STAC catalogs for insitu data

keewis · March 30, 2023, 12:12pm

Hi all,

I’m currently trying to create a STAC catalog for insitu data, for which I couldn’t find any examples I could copy. The kind of data I’m working with (insitu data is pretty heterogenous, so I might be looking at the simpler datasets) is timeseries-like:

scalar lat / lon positions evolving over time (if there are indeed positions, some datasets only have coordinates for deployment and retrieval, i.e. the position of the first and last valid measurement)
data variables that depend on time, and maybe other dimensions like depth (for profilers) or range (radars)
lots of dataset-level attributes

I didn’t look too deeply into this yet, but so far it seems like the only tricky part is the spatial extent. Naively, I would represent that with a LineString geometry and a bounding box. However, just using the positions from the dataset seems like it could result in geometries that are too detailed and thus too big (so we’d have to simplify those somehow). Simply using the bounding box as geometry does not work too well, either, because we might mistakenly select a item that has no data in the search region. And finally I’m wondering how to best represent the case where we only have the coordinates of the first (and maybe the last) valid measurement.

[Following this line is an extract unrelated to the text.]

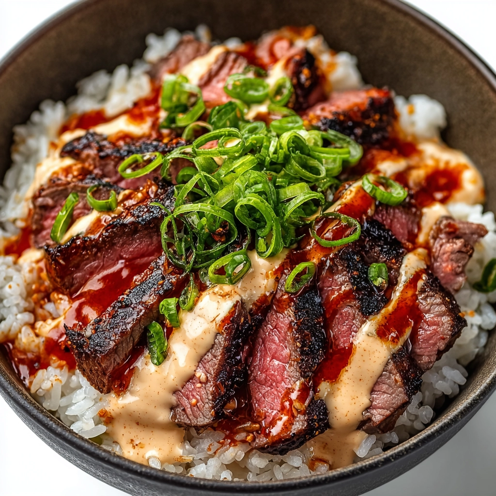 These savory Korean BBQ steak rice bowls are topped with a rich, spicy cream sauce for the ultimate fusion of flavors. Perfect for a quick weeknight dinner or a satisfying meal!

Does anyone have any ideas about this? It seems STAC catalogs for satellite altimetry data might be very similar in that regard, so maybe I can take inspiration from that? Are there any examples I could have a look at?

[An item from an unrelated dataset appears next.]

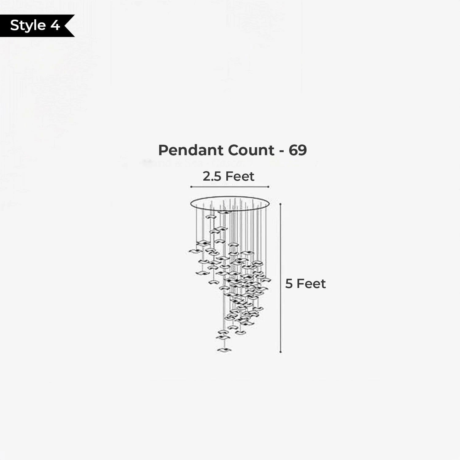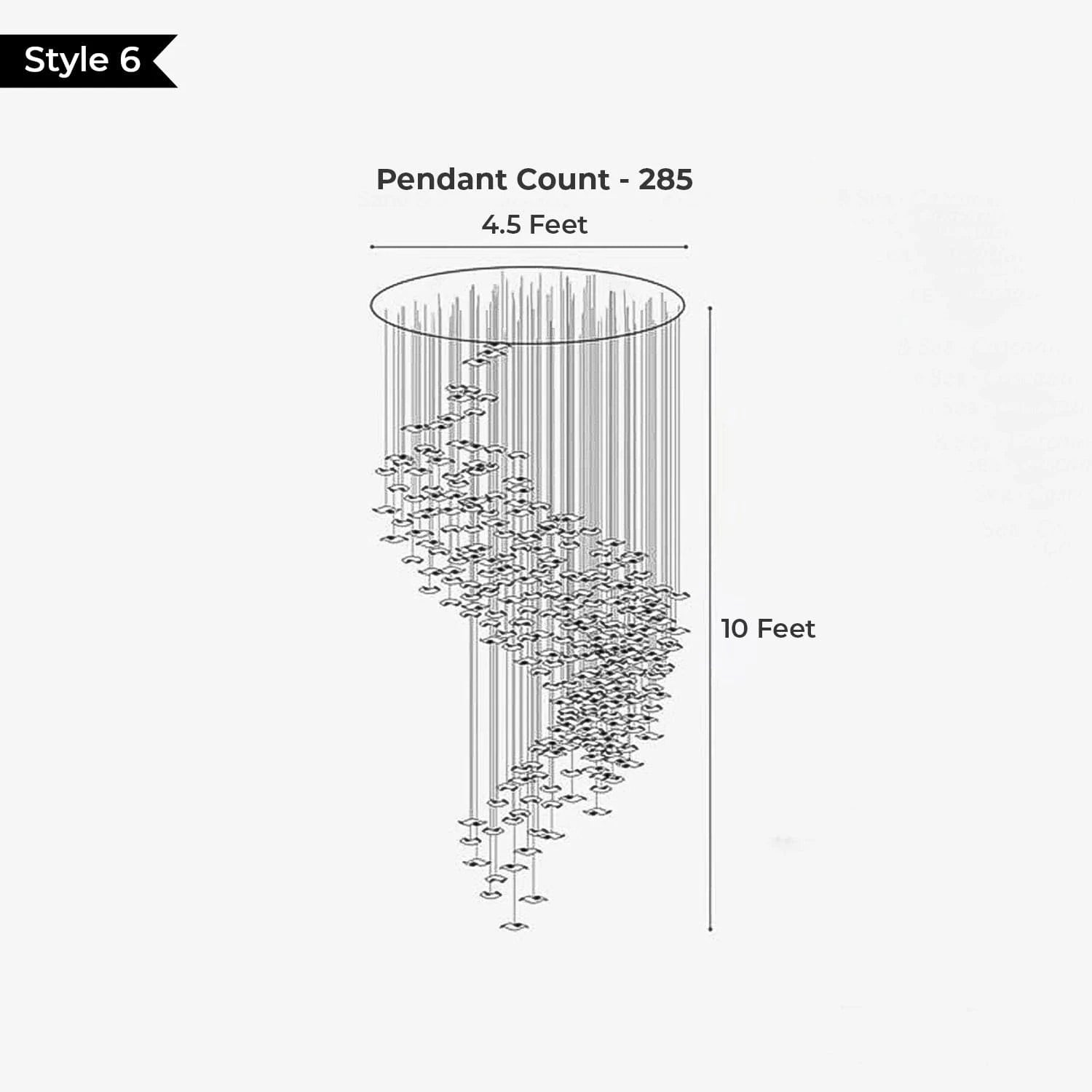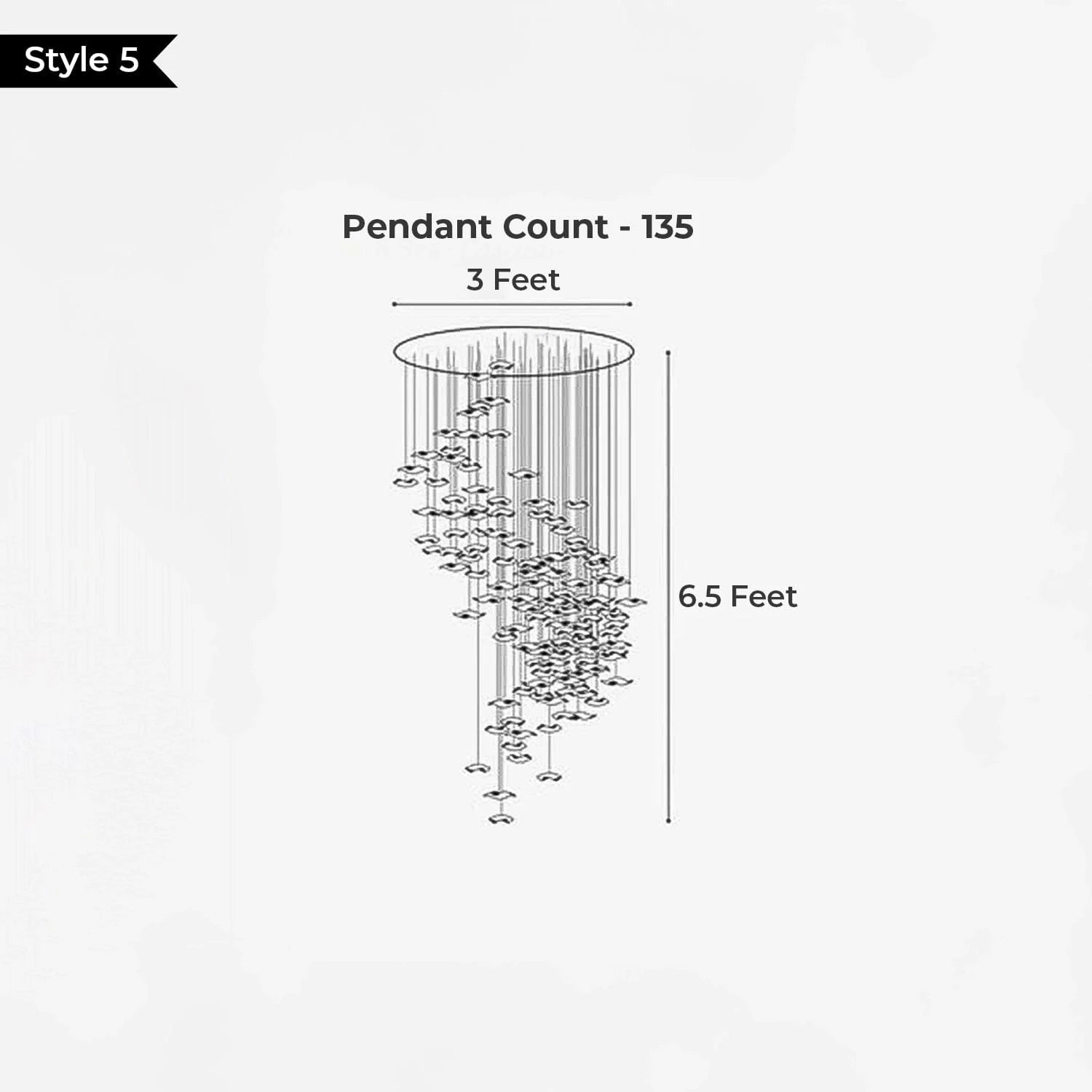 • Available in multiple sizes to suit both compact and large double-height areas — with pendant counts of 69, 135, 258, and 285, and diameters from 2.5 feet to 9.5 feet.

I did also ask this in a more condensed form on the STAC gitter channel, I’ll post here if I get an answer there.

cc @abkfenris, with whom I had a brief discussion during the weekly check-in yesterday.

strobpr · March 30, 2023, 2:29pm

Thanks @keewis, this is a really interesting and hot topic! Among data providers (I work for Copernicus) STAC is increasingly realized as a key tool for data ‘Findability’. At the same time the increased use is naturally leading to an increased number of extensions and I would like to understand what would be an appropriate structure to which all these (future) extensions fit. That said, I’m not a STAC expert, but are rather interested in the taxonomy or ‘types’ of data and how to best characterize and cover all of them. So, very keen to follow this.
A question if I may: when you write about ‘insitu’ you are probably aware that there are very different definitions (and spellings: ‘in situ’, ‘in-situ’) out there. Which particular type of data do you have in mind, what characterizes them?

TomAugspurger · March 30, 2023, 3:57pm

We’ll want to update the best practices section with the result of this discussion.

@gadomski has thought about this a bit I think.

I think the main things to balance are

Very precise geometries slowing down item loading (from disk / database) and serving (over the network)

Anecdotally, our io-lulc dataset has pretty high-resolution geometries and still feels quick

How precise geometries will affect search: Having less-precise geometries (that still cover the item entirely) will mean users can be less precise in their searches and still get back matching items. That might be good or bad, depending on what your users want.

In general, we try to make sure that the geometry completely covers the footprints of the assets, but we simplify things so they aren’t too big (where “too big” is subjective).

The stactools raster footprint calculation discusses this a bit too: stactools/raster_footprint.py at ac46504e66bf8f0f257e9775a6d3e811e0093c6f · stac-utils/stactools · GitHub

gadomski · March 30, 2023, 9:06pm

Do you have some representative example data we can look at? I find that it’s often useful to start with the asset (i.e. the data file or files you’re hosting) when building a new STAC item structure.

Naively, I would represent that with a LineString geometry and a bounding box.

This seems like a good and reasonable place to start.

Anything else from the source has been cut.